WHAT YOU ARE ASKED TO DO: When you reach a picture, skip it, and retype every line below exactly.
** PROVIDED INFORMATION follows **
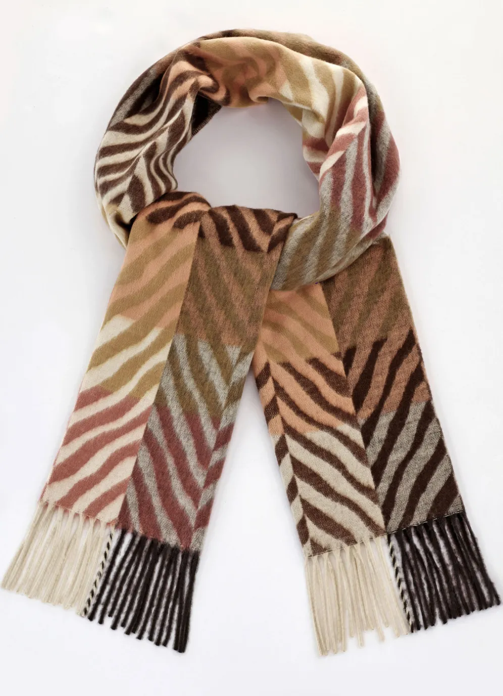 Ansprechender Schal mit Fantasiedessin in Schokobraun-Cognac-Beige-Mango sowie gedrehten Fransen an den Enden. Maße: 180×30 cm Die Qualität: Jacquardgewebe aus 100% Polyacryl MIG Logo
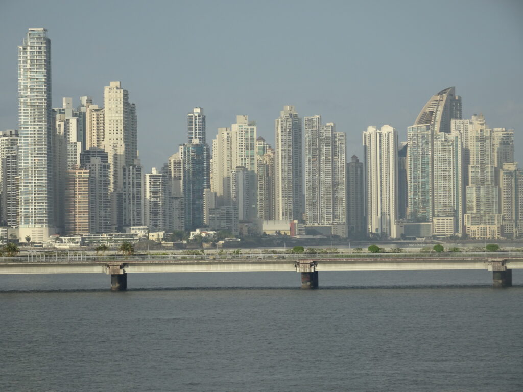 Am folgenden Tag wird der Panamá Kanal durchfahren. Der Kanal durchschneidet die 80 km breite Landmasse zwischen Atlantik und Pazifik. Der Bau dauerte insgesamt 33 Jahre. 1903 unterstützte die US-Regierung Panamas Unabhängigkeitskampf und erhielt dafür das exklusive Nutzungsrecht für die Kanalzone. 75 000 Arbeiter waren an diesem gigantischen Bauwerk beteiligt, 22 000 Menschen sind an Malaria und Gelbfieber gestorben. Nach der Eröffnung 1914 blieben die Amerikaner bis 1999. Nach einem weiteren Ausbau können nun seit 2016 auch Frachter, die bis zu 14 000 Container an Bord haben, passieren. Jährlich sind das ca. 15 000 Schiffe.
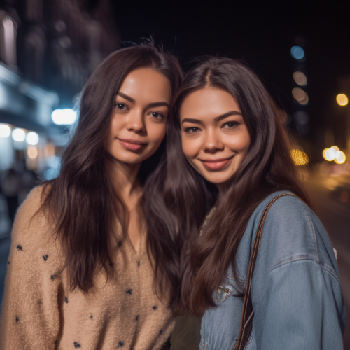 a pretty round faced british woman of columbian descent with her older sister on a night out in london wide angle full body shot, long black hair, fun night out, posing at camera, social media post, amatuer photograph, not beautiful, flat lighting, low contrast, happy times, wistful, digital camera, family photograph --v 5.0
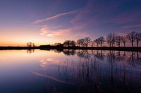 De bomen aan de rand en de strepen in de lucht reflecteren in het water, terwijl de ondergaande zon, de drie boompjes verder op nog een beetje verlicht. Het was windstil, en het water leek wel een spiegel. De lucht heeft prachtige kleuren. Een mooi sereen beeld. Ik hou van kalmte in mijn foto's, van rust, ik hoop dat ik dat hier ook heb kunnen weergeven. Met mijn statief en mijn laarzen aan in het water om de foto te kunnen maken. De foto is genomen op 7 maart 2022, in Drenthe, Nederland.
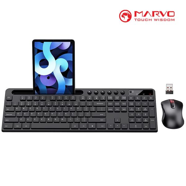 Marvo-無線鍵盤和滑鼠組合,MARVO KC411W 2.4G 人體工學無線電腦鍵盤,附手機平板電腦支架,靜音滑鼠6鍵 相容於 MacBook,Windows (黑色)
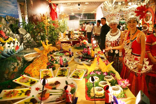 当日,苗族姑娘在美食博览会上介绍“多彩贵州风情宴”特色菜。
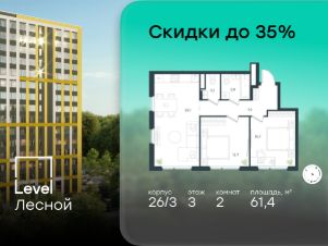 Цена указана с учётом скидки при 100%-й оплате, несубсидированной ипотеке, рассрочке (кроме программы ''Рассрочка 0%'').В районе, утопающем в густой зелени лесов, многочисленных парков и скверов, продаётся 2-комнатная квартира площадью 61.40 кв.м без отделки. Квартира расположена на 3 этаже в жилом комплексе комфорт-класса Level Лесной (компания Level Group/Левел групп). Отличная транспортная доступность:- 25 мин. пешком до станции метро ''Пятницкое шоссе'',- 28 мин. на автобусе до станции метро и МЦД-2 ''Волоколамская'',- 11 мин. на авто до МКАД,- 25 мин. на авто до ТТК. Продуманный архитектурный проект:- Концепция проекта Level Лесной от бюро СПИЧ,- Высотность комплекса до 15 этажей с уникальными видами на лесные массивы и город, - Высота потолков до 3 м,- Современные окна высотой до 1,6 м, в части квартир предусмотрены окна в пол. Высота подоконников 0,6 м, Расположение:Level Лесной строится в зелёной зоне ближайшего Подмосковья, г.о. Красногорск в посёлке Отрадное. Шаговая и автомобильная доступность до метро и больших транспортных артерий города. За 25 минут вы дойдёте до станции метро ''Пятницкое шоссе'', а за 20 минут на машине сможете доехать до станции метро ''Тушинская''. Район окружен роскошной зеленью лесов и парковых зон, занимающих территорию свыше 1 000 гектаров. Помимо благоприятной экологии, здесь множество возможностей для активного отдыха и поддержания физической формы. Облагороженная территории с полностью развитой инфраструктурой. На территории проекта находится детский сад и школа ''Светлые Горы'', которая входит в список лучших частных школ от Forbes Education (по данным на 2023г.). Кроме того, в пешей доступности расположено ещё 8 детских садов, а также запланировано открытие современной муниципальной школы. В непосредственной близости находятся сетевые супермаркеты и локальные магазины, аптеки, клиники, почта, библиотека, салоны красоты, рестораны, спортивные и творческие секции, развивающие детские центры. В 12 минутах пешком расположен торговый парк ''Отрада'' с продуктовым и строительным гипермаркетами, магазинами, кинотеатром и развлечениями для детей. Внутренняя инфраструктура:Мы знаем, как важно, чтобы магазины и сервисы были всегда рядом. В сданных корпусах Level Лесной уже расположена полностью готовая развитая инфраструктура. На первых этажах корпуса 27 предусмотрено ещё 14 коммерческих помещений. Благоустройство:Продуманное пространство и аура приватного европейского городка рождают чувство лёгкости и расслабления у каждого, кто попадает на территорию проекта. Концепцию общественных площадок разработали в партнёрстве два архитектурных бюро: Highlight Architecture и SCAPE. В безопасных дворах без машин каждый обязательно найдёт себе место для вдохновения, отдыха и спорта.
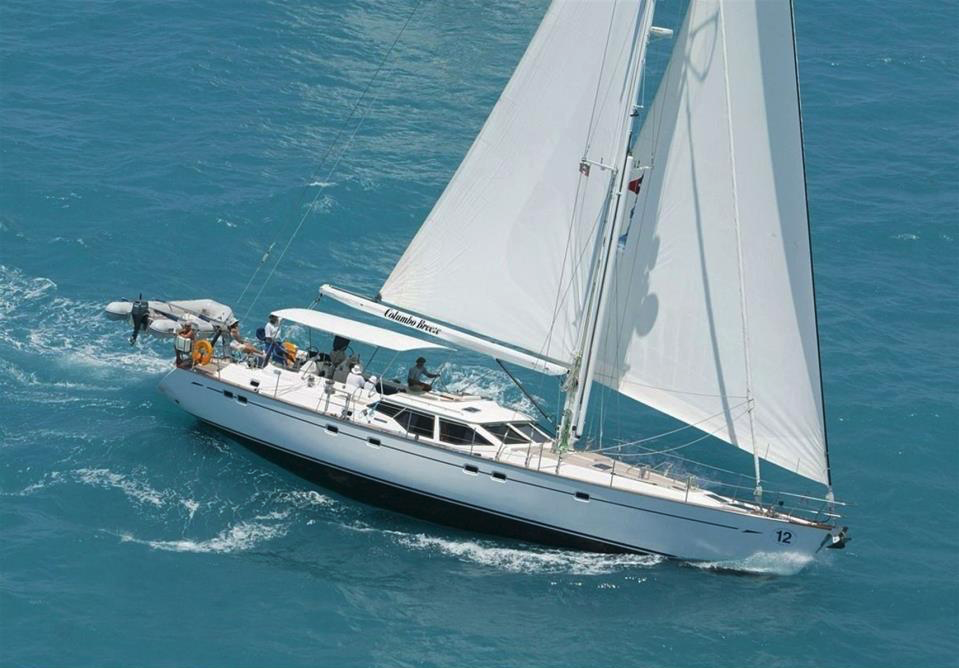 Luxury yacht COLUMBO BREEZE accommodates up to six guests and two crewmembers in four staterooms. This Oyster Marine yacht has an impressive full-beam master stateroom with an en-suite bath as well as a double-bed stateroom and two bunk staterooms.
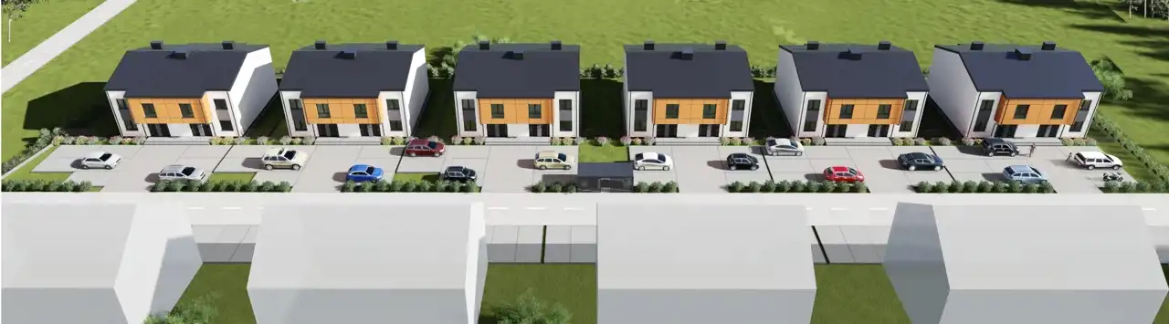 Drugi etap inwestycji składającej się z 12 lokali mieszkalnych, każdy z dwoma miejscami postojowymi i ogródkiem.
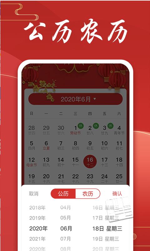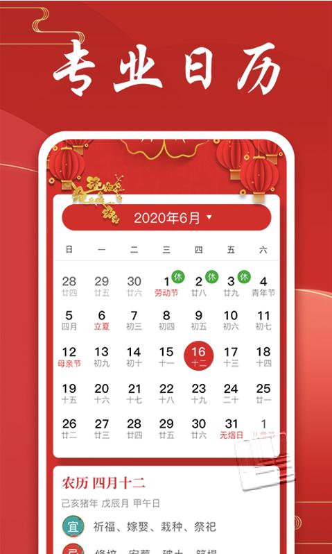 中华万年历好运吉日app一款日历查询软件,让您快速掌握日历时间,让您了解相关公历、农历和周期,以及国家法定节假日的安排,节假日安排标注 以标语为标志的录音安排,让公众了解工作和休息的日期,可以在线查看年历的状态,选择需要查询的日期,可以知道年历的安排,同时还提供天气预报,及时了解当地天气变化,及时掌握信息。
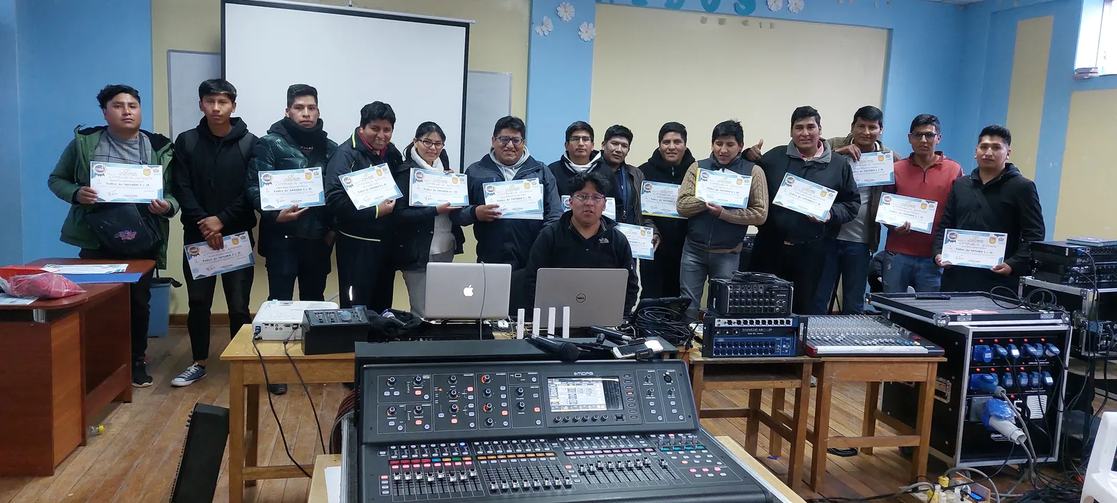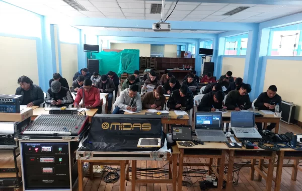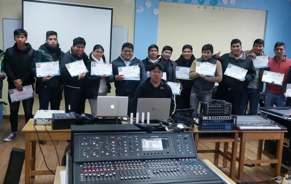Por la gran demanda de alumnos que buscaban cursar un clases sobre la temática de especialidad de sonido en vivo, se abre el primer taller de “Curso de Sonido en vivo”, el cual tuvo gran aceptación en el año 2012 en la ciudad de La Paz.
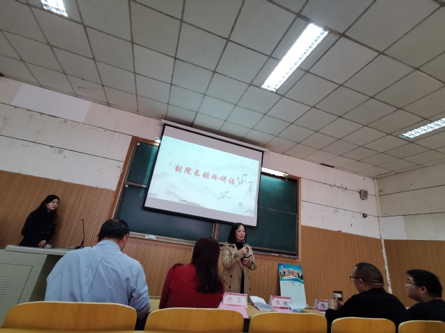 张玲发表讲话。首先,她向学生总体介绍了我国国民的相关阅读数据。接着,她结合身边的真实例子从个人发展、民族发展等方面讲述读书的意义。在读书方法上,她建议学生分阶段阅读,同时她提醒在座的学生在读书过程中要有毅力,要制定从易到难的规划,养成整理读书笔记的好习惯。
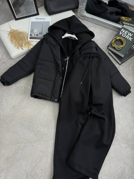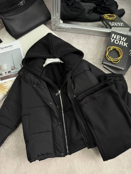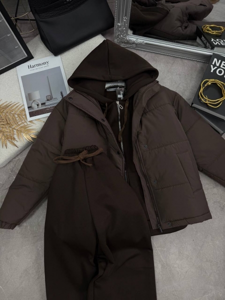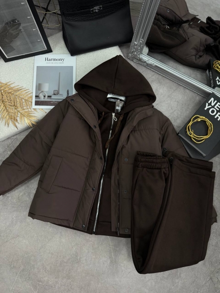 Костюм: Теплый на флисе, глубокий двойной капюшон, блузка кофта на молнии, брюки прямые, низ на затяжках
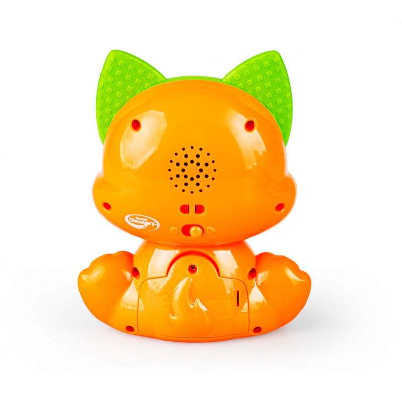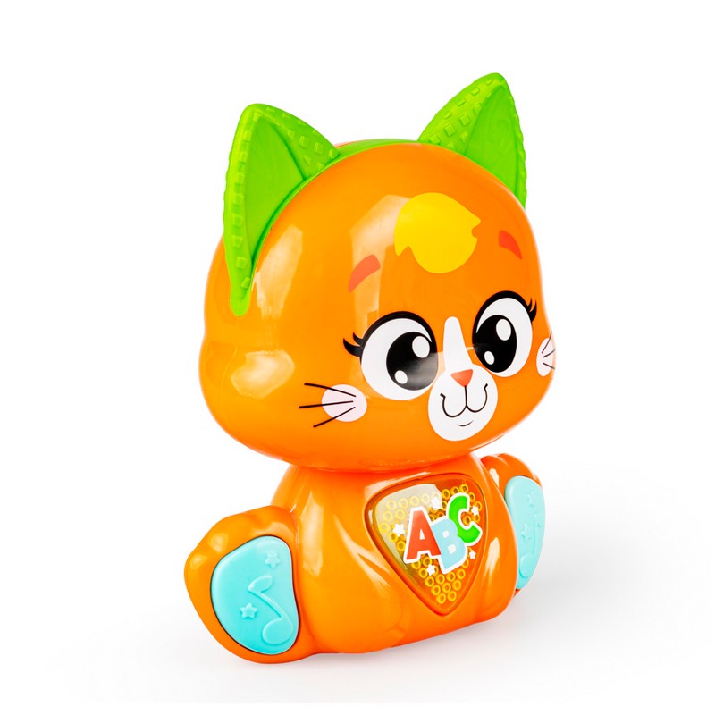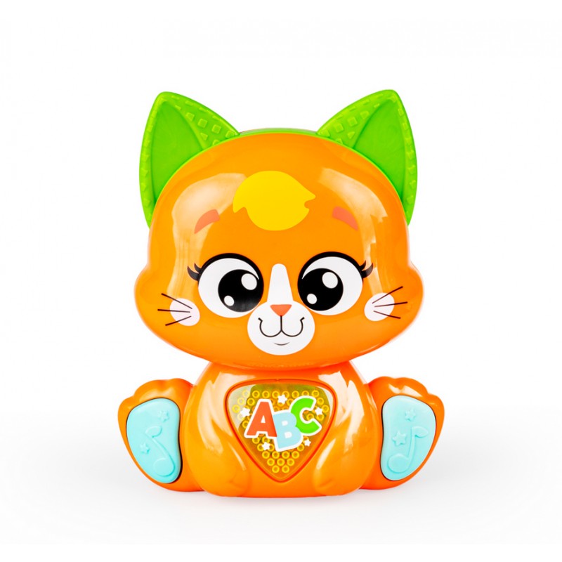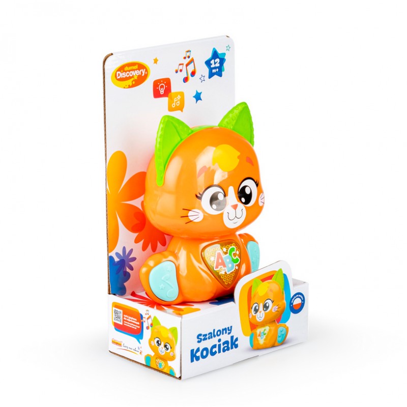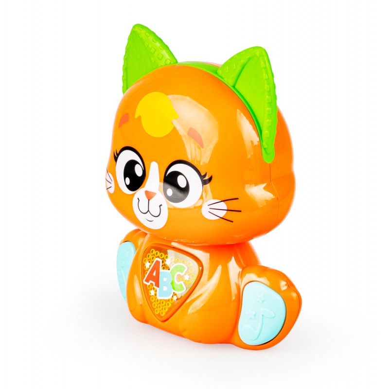 Jego rozśpiewany brzuszek odtwarza wesołe piosenki, a uruchamiający je przycisk, świeci podczas odtwarzania dźwięków. Kotek posiada czujnik dotyku na czółku, dzięki czemu, podczas głaskania kotka po głowie, maluch usłyszy wesołe frazy, wypowiadane przez zwierzaka. Kocie łapki także zadbają o rozrywkę malucha! Przycisk na pierwszej z nich uruchamia tryb wyzwań, w którym kotek aktywizuje najmłodszych trzema propozycjami zabaw. Druga łapka uruchamia melodie. Kociak wyposażony został w praktyczny przełącznik ON/OFF, umożliwiający wyłączenie zwierzaka po zakończonej zabawie.
** End of PROVIDED INFORMATION **
RESPONSE BELOW:
 Ansprechender Schal mit Fantasiedessin in Schokobraun-Cognac-Beige-Mango sowie gedrehten Fransen an den Enden. Maße: 180×30 cm Die Qualität: Jacquardgewebe aus 100% Polyacryl MIG Logo
 Am folgenden Tag wird der Panamá Kanal durchfahren. Der Kanal durchschneidet die 80 km breite Landmasse zwischen Atlantik und Pazifik. Der Bau dauerte insgesamt 33 Jahre. 1903 unterstützte die US-Regierung Panamas Unabhängigkeitskampf und erhielt dafür das exklusive Nutzungsrecht für die Kanalzone. 75 000 Arbeiter waren an diesem gigantischen Bauwerk beteiligt, 22 000 Menschen sind an Malaria und Gelbfieber gestorben. Nach der Eröffnung 1914 blieben die Amerikaner bis 1999. Nach einem weiteren Ausbau können nun seit 2016 auch Frachter, die bis zu 14 000 Container an Bord haben, passieren. Jährlich sind das ca. 15 000 Schiffe.
 a pretty round faced british woman of columbian descent with her older sister on a night out in london wide angle full body shot, long black hair, fun night out, posing at camera, social media post, amatuer photograph, not beautiful, flat lighting, low contrast, happy times, wistful, digital camera, family photograph --v 5.0
 De bomen aan de rand en de strepen in de lucht reflecteren in het water, terwijl de ondergaande zon, de drie boompjes verder op nog een beetje verlicht. Het was windstil, en het water leek wel een spiegel. De lucht heeft prachtige kleuren. Een mooi sereen beeld. Ik hou van kalmte in mijn foto's, van rust, ik hoop dat ik dat hier ook heb kunnen weergeven. Met mijn statief en mijn laarzen aan in het water om de foto te kunnen maken. De foto is genomen op 7 maart 2022, in Drenthe, Nederland.
 Marvo-無線鍵盤和滑鼠組合,MARVO KC411W 2.4G 人體工學無線電腦鍵盤,附手機平板電腦支架,靜音滑鼠6鍵 相容於 MacBook,Windows (黑色)
 当日,苗族姑娘在美食博览会上介绍“多彩贵州风情宴”特色菜。
 Цена указана с учётом скидки при 100%-й оплате, несубсидированной ипотеке, рассрочке (кроме программы ''Рассрочка 0%'').В районе, утопающем в густой зелени лесов, многочисленных парков и скверов, продаётся 2-комнатная квартира площадью 61.40 кв.м без отделки. Квартира расположена на 3 этаже в жилом комплексе комфорт-класса Level Лесной (компания Level Group/Левел групп). Отличная транспортная доступность:- 25 мин. пешком до станции метро ''Пятницкое шоссе'',- 28 мин. на автобусе до станции метро и МЦД-2 ''Волоколамская'',- 11 мин. на авто до МКАД,- 25 мин. на авто до ТТК. Продуманный архитектурный проект:- Концепция проекта Level Лесной от бюро СПИЧ,- Высотность комплекса до 15 этажей с уникальными видами на лесные массивы и город, - Высота потолков до 3 м,- Современные окна высотой до 1,6 м, в части квартир предусмотрены окна в пол. Высота подоконников 0,6 м, Расположение:Level Лесной строится в зелёной зоне ближайшего Подмосковья, г.о. Красногорск в посёлке Отрадное. Шаговая и автомобильная доступность до метро и больших транспортных артерий города. За 25 минут вы дойдёте до станции метро ''Пятницкое шоссе'', а за 20 минут на машине сможете доехать до станции метро ''Тушинская''. Район окружен роскошной зеленью лесов и парковых зон, занимающих территорию свыше 1 000 гектаров. Помимо благоприятной экологии, здесь множество возможностей для активного отдыха и поддержания физической формы. Облагороженная территории с полностью развитой инфраструктурой. На территории проекта находится детский сад и школа ''Светлые Горы'', которая входит в список лучших частных школ от Forbes Education (по данным на 2023г.). Кроме того, в пешей доступности расположено ещё 8 детских садов, а также запланировано открытие современной муниципальной школы. В непосредственной близости находятся сетевые супермаркеты и локальные магазины, аптеки, клиники, почта, библиотека, салоны красоты, рестораны, спортивные и творческие секции, развивающие детские центры. В 12 минутах пешком расположен торговый парк ''Отрада'' с продуктовым и строительным гипермаркетами, магазинами, кинотеатром и развлечениями для детей. Внутренняя инфраструктура:Мы знаем, как важно, чтобы магазины и сервисы были всегда рядом. В сданных корпусах Level Лесной уже расположена полностью готовая развитая инфраструктура. На первых этажах корпуса 27 предусмотрено ещё 14 коммерческих помещений. Благоустройство:Продуманное пространство и аура приватного европейского городка рождают чувство лёгкости и расслабления у каждого, кто попадает на территорию проекта. Концепцию общественных площадок разработали в партнёрстве два архитектурных бюро: Highlight Architecture и SCAPE. В безопасных дворах без машин каждый обязательно найдёт себе место для вдохновения, отдыха и спорта.
 Luxury yacht COLUMBO BREEZE accommodates up to six guests and two crewmembers in four staterooms. This Oyster Marine yacht has an impressive full-beam master stateroom with an en-suite bath as well as a double-bed stateroom and two bunk staterooms.
 Drugi etap inwestycji składającej się z 12 lokali mieszkalnych, każdy z dwoma miejscami postojowymi i ogródkiem.
 中华万年历好运吉日app一款日历查询软件,让您快速掌握日历时间,让您了解相关公历、农历和周期,以及国家法定节假日的安排,节假日安排标注 以标语为标志的录音安排,让公众了解工作和休息的日期,可以在线查看年历的状态,选择需要查询的日期,可以知道年历的安排,同时还提供天气预报,及时了解当地天气变化,及时掌握信息。
Por la gran demanda de alumnos que buscaban cursar un clases sobre la temática de especialidad de sonido en vivo, se abre el primer taller de “Curso de Sonido en vivo”, el cual tuvo gran aceptación en el año 2012 en la ciudad de La Paz.
 张玲发表讲话。首先,她向学生总体介绍了我国国民的相关阅读数据。接着,她结合身边的真实例子从个人发展、民族发展等方面讲述读书的意义。在读书方法上,她建议学生分阶段阅读,同时她提醒在座的学生在读书过程中要有毅力,要制定从易到难的规划,养成整理读书笔记的好习惯。
 Костюм: Теплый на флисе, глубокий двойной капюшон, блузка кофта на молнии, брюки прямые, низ на затяжках
 Jego rozśpiewany brzuszek odtwarza wesołe piosenki, a uruchamiający je przycisk, świeci podczas odtwarzania dźwięków. Kotek posiada czujnik dotyku na czółku, dzięki czemu, podczas głaskania kotka po głowie, maluch usłyszy wesołe frazy, wypowiadane przez zwierzaka. Kocie łapki także zadbają o rozrywkę malucha! Przycisk na pierwszej z nich uruchamia tryb wyzwań, w którym kotek aktywizuje najmłodszych trzema propozycjami zabaw. Druga łapka uruchamia melodie. Kociak wyposażony został w praktyczny przełącznik ON/OFF, umożliwiający wyłączenie zwierzaka po zakończonej zabawie.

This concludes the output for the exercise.